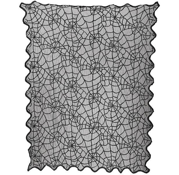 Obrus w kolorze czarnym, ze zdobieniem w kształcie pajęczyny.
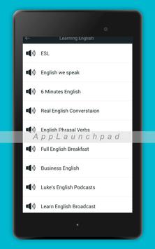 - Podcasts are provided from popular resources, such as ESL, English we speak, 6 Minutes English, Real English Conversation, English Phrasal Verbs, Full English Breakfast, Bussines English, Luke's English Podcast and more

...

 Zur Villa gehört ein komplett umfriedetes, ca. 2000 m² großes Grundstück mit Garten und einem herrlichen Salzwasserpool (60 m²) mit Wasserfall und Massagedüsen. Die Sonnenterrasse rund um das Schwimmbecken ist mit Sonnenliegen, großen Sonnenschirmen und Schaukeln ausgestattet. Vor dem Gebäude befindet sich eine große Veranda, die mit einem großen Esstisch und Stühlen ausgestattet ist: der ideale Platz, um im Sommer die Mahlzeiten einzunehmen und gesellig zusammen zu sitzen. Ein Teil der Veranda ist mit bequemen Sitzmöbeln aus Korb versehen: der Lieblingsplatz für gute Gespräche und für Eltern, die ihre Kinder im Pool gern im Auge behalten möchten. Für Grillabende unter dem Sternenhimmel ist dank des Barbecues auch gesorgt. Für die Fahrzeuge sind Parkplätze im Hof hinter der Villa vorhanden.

**Work item**
In the listing above, find the line with "Obrus w kolorze" and the line with "- Podcasts are". Copy exactly those lines and all between them, minus the images.

**Answer space**
 Obrus w kolorze czarnym, ze zdobieniem w kształcie pajęczyny.
 - Podcasts are provided from popular resources, such as ESL, English we speak, 6 Minutes English, Real English Conversation, English Phrasal Verbs, Full English Breakfast, Bussines English, Luke's English Podcast and more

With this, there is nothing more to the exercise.